In the machine age, the human’s answer must be to become even more human
(Photo by Andy Kelly on Unsplash)
I had the pleasure of hosting some people from the future earlier this week.
Let me explain. No, I haven’t discovered a time machine. I did not whisk in my guests from a future era by reassembling their molecules in the here and now. I was actually hosting futurists from The Center for the Future of Work, a think-tank set up Cognizant, one of the world’s leading technology services firms.
My guests may not actually live in the future, but their jobs certainly entail not being in the present. Their job description is to be five or ten years ahead of the rest of us in understanding and forecasting the many profound changes that may be coming in our careers, business models, and societies.
The fact that technological disruption looms large in all our lives is not news to regular readers of this column. But it was reassuring to listen to experts whose job it is to evaluate and research the many technologies driving profound change in business platforms and work patterns.
Many people are deeply concerned about a “jobless future” – the idea that automation, robotics and artificial intelligence will lay waste to millions of existing jobs. Many of us will simply not be able to cope with machines that are stronger, faster – and someday, more intelligent – than we are.
The folks at Cognizant are more optimistic. They recognize that many jobs currently done by humans will indeed be retired. Machines will certainly be able to drive things, carry things, process things and do dangerous things much better than we can. But they also recognize certain timeless truths; that it has always been thus (work has always changed, and many jobs always become redundant – elevator operator, anyone?); and that we should never underestimate human ingenuity. When we are freed up to do other things, we generally find better things to do – and create more work.
We should also not bemoan the loss of certain types of jobs. Who wants to be a ditch digger or road builder or construction worker, after all? People do those jobs because they have no choice. That should not be the work of humans. If we can escape this past, escape it we should. To that list we will soon add miner, soldier, fireman…
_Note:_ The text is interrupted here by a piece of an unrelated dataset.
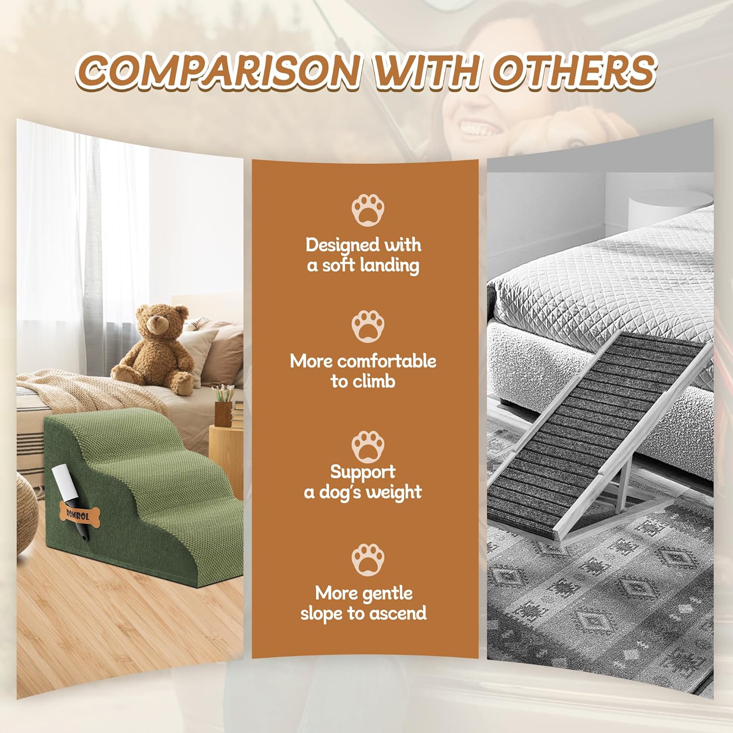 - 33D REBOUND HIGH-DENSITY FOAM: Our 33D foam delivers 63% faster rebound vs standard foam with enhanced weight capacity. Perfect for puppies, senior dogs, and pets recovering from surgery to access beds/couches safely. Dual-purpose as cat stairs for multi-pet households

A final truth is profound: machines also need man. Humans are still needed to create the machines, market them, sell them; and machines are tools, tools that we must design to be good for us and make us better. We are substandard in so many fields of endeavour, and if we can upgrade our healthcare, our education, our money management and much more, why should we resist? This future is there for us to shape, not to be disrupted by.
So how will YOU survive (and thrive in) the new machine age, the so-called fourth industrial revolution?
I have said it often on this page, in my leadership programmes, in talks and seminars across Africa: the human’s answer to the machine has to be to become even more human. We can’t outdo the machine; we can only elevate ourselves to exist above it, on a higher plane.
What my futurist friends offered was a handy framework that allows us all to think about our futures. There are “3 Cs” for you to contemplate: Coaching, Caring and Connecting. If your job is to help people get better at things; to care about their health, wellbeing or spirit; or to act as the connector to opportunities and better ways of doing things; you’ll pretty much always have a job.
I would go further and advise that your business should also be focused on the 3 Cs of the future. Does it coach people to achieve more? Does it show genuine human empathy for its constituents? Does it act as a gateway or portal or network to better things? That business, too, has little to worry about. It will remain useful to its customers, and that is the best way to survive any business disruption.
In sum, what’s the lesson from the future? Embrace the new tech, don’t diss or resist it. Play nice. Augment and enhance yourself and your work with technology, so that we all get uplifted. If work improves, lives improve. As the waves of mind-boggling technological change swirl around us, remember the 3 ‘Cs’: are you coaching enough, caring enough, connecting enough? The work of humans lies right there.